----- Data for analysis
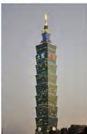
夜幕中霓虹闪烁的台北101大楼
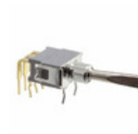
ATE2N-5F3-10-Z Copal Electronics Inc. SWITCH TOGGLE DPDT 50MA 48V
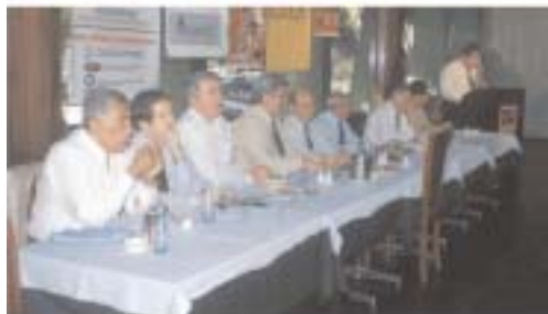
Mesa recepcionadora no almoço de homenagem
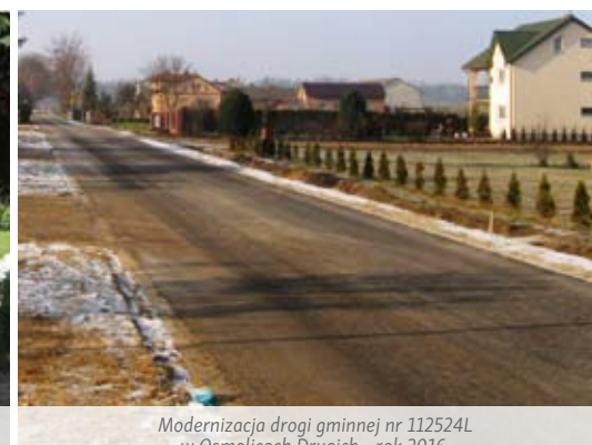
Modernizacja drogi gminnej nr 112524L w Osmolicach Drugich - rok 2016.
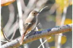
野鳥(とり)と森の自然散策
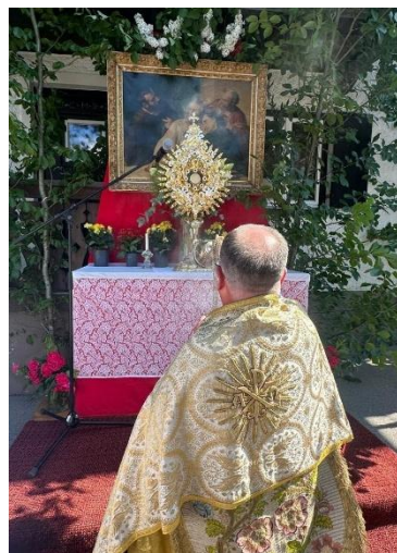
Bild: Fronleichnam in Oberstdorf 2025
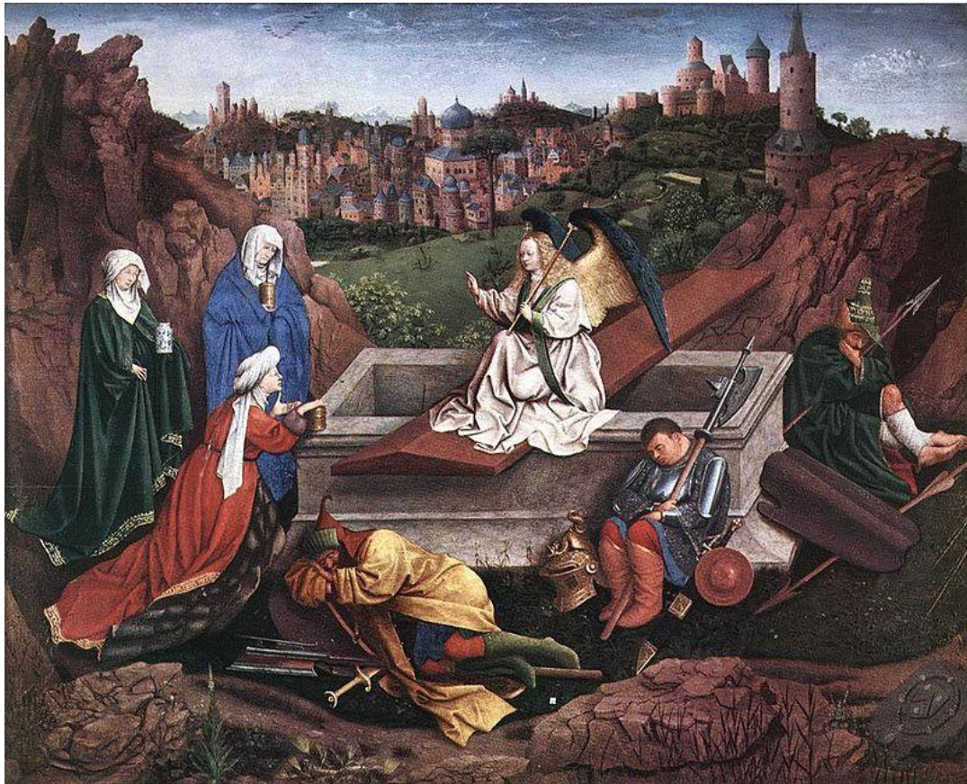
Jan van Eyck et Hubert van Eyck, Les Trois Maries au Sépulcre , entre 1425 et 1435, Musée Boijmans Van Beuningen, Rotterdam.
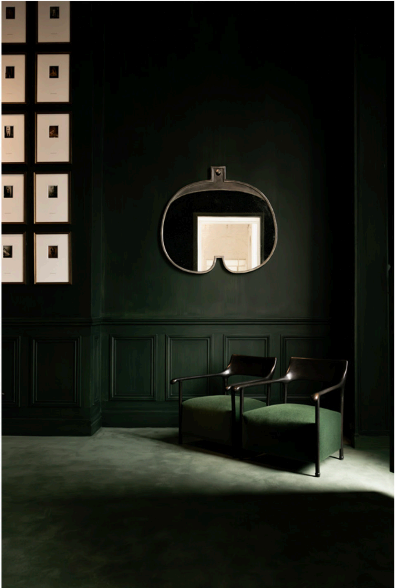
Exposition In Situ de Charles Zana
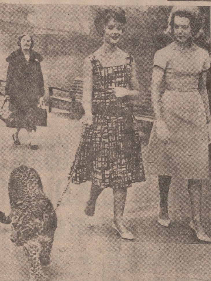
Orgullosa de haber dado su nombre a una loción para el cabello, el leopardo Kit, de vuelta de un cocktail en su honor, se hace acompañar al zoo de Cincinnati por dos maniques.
----------
* **Task objective**: The copy you write must hold every record verbatim and none of the pictures.

* **Output for this task**:
夜幕中霓虹闪烁的台北101大楼
ATE2N-5F3-10-Z Copal Electronics Inc. SWITCH TOGGLE DPDT 50MA 48V
Mesa recepcionadora no almoço de homenagem
Modernizacja drogi gminnej nr 112524L w Osmolicach Drugich - rok 2016.
野鳥(とり)と森の自然散策
Bild: Fronleichnam in Oberstdorf 2025
Jan van Eyck et Hubert van Eyck, Les Trois Maries au Sépulcre , entre 1425 et 1435, Musée Boijmans Van Beuningen, Rotterdam.
Exposition In Situ de Charles Zana
Orgullosa de haber dado su nombre a una loción para el cabello, el leopardo Kit, de vuelta de un cocktail en su honor, se hace acompañar al zoo de Cincinnati por dos maniques.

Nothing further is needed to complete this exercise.